Problem: Reproduce the listing exactly and skip over any pictures.

** Recorded data follows **

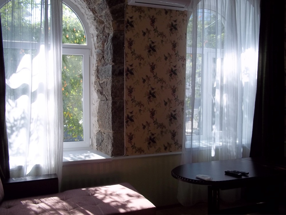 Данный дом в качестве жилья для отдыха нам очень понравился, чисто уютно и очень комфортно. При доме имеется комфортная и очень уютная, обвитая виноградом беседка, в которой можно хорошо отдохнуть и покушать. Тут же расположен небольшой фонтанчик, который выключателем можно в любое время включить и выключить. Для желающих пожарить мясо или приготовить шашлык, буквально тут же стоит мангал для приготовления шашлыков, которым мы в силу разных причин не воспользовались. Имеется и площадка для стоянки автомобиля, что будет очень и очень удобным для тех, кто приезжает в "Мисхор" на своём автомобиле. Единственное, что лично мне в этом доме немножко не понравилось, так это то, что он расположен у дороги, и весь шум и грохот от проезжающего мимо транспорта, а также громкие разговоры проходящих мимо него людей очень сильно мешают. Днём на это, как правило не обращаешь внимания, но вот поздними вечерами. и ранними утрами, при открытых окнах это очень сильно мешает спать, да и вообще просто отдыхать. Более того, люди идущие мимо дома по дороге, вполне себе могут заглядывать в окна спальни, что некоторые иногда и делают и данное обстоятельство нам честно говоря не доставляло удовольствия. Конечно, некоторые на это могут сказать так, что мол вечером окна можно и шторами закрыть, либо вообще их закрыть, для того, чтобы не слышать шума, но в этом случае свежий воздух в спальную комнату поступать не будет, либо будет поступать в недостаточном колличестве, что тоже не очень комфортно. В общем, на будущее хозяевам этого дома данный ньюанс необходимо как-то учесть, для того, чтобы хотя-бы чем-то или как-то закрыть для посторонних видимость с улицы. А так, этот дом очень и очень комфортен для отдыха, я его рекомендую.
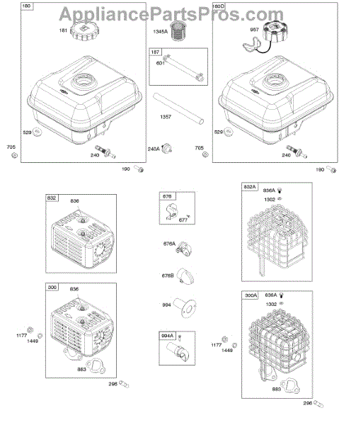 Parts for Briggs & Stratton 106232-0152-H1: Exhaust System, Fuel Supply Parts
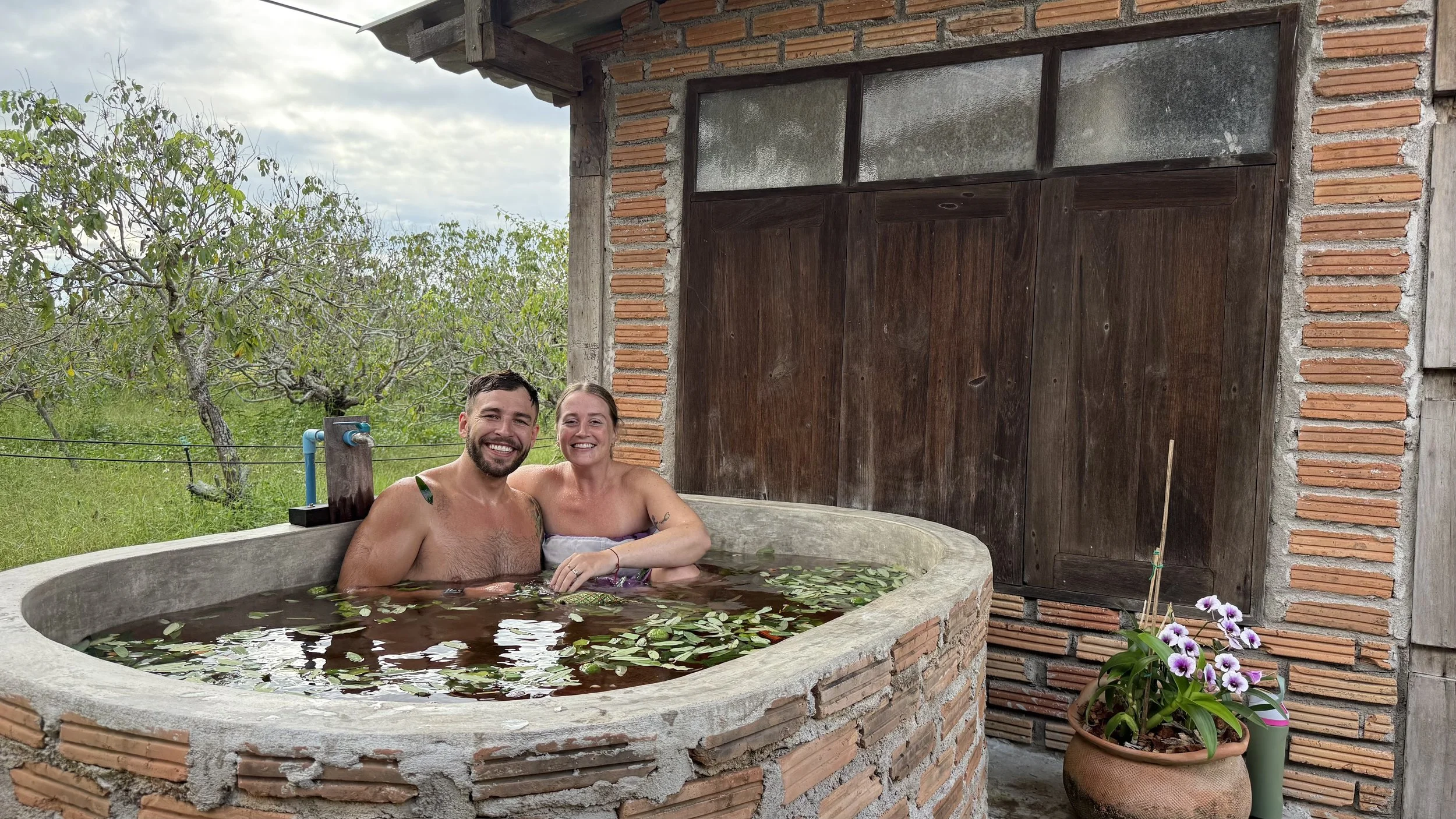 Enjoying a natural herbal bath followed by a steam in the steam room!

** End of Recorded data **

Expected answer:
 Данный дом в качестве жилья для отдыха нам очень понравился, чисто уютно и очень комфортно. При доме имеется комфортная и очень уютная, обвитая виноградом беседка, в которой можно хорошо отдохнуть и покушать. Тут же расположен небольшой фонтанчик, который выключателем можно в любое время включить и выключить. Для желающих пожарить мясо или приготовить шашлык, буквально тут же стоит мангал для приготовления шашлыков, которым мы в силу разных причин не воспользовались. Имеется и площадка для стоянки автомобиля, что будет очень и очень удобным для тех, кто приезжает в "Мисхор" на своём автомобиле. Единственное, что лично мне в этом доме немножко не понравилось, так это то, что он расположен у дороги, и весь шум и грохот от проезжающего мимо транспорта, а также громкие разговоры проходящих мимо него людей очень сильно мешают. Днём на это, как правило не обращаешь внимания, но вот поздними вечерами. и ранними утрами, при открытых окнах это очень сильно мешает спать, да и вообще просто отдыхать. Более того, люди идущие мимо дома по дороге, вполне себе могут заглядывать в окна спальни, что некоторые иногда и делают и данное обстоятельство нам честно говоря не доставляло удовольствия. Конечно, некоторые на это могут сказать так, что мол вечером окна можно и шторами закрыть, либо вообще их закрыть, для того, чтобы не слышать шума, но в этом случае свежий воздух в спальную комнату поступать не будет, либо будет поступать в недостаточном колличестве, что тоже не очень комфортно. В общем, на будущее хозяевам этого дома данный ньюанс необходимо как-то учесть, для того, чтобы хотя-бы чем-то или как-то закрыть для посторонних видимость с улицы. А так, этот дом очень и очень комфортен для отдыха, я его рекомендую.
 Parts for Briggs & Stratton 106232-0152-H1: Exhaust System, Fuel Supply Parts
 Enjoying a natural herbal bath followed by a steam in the steam room!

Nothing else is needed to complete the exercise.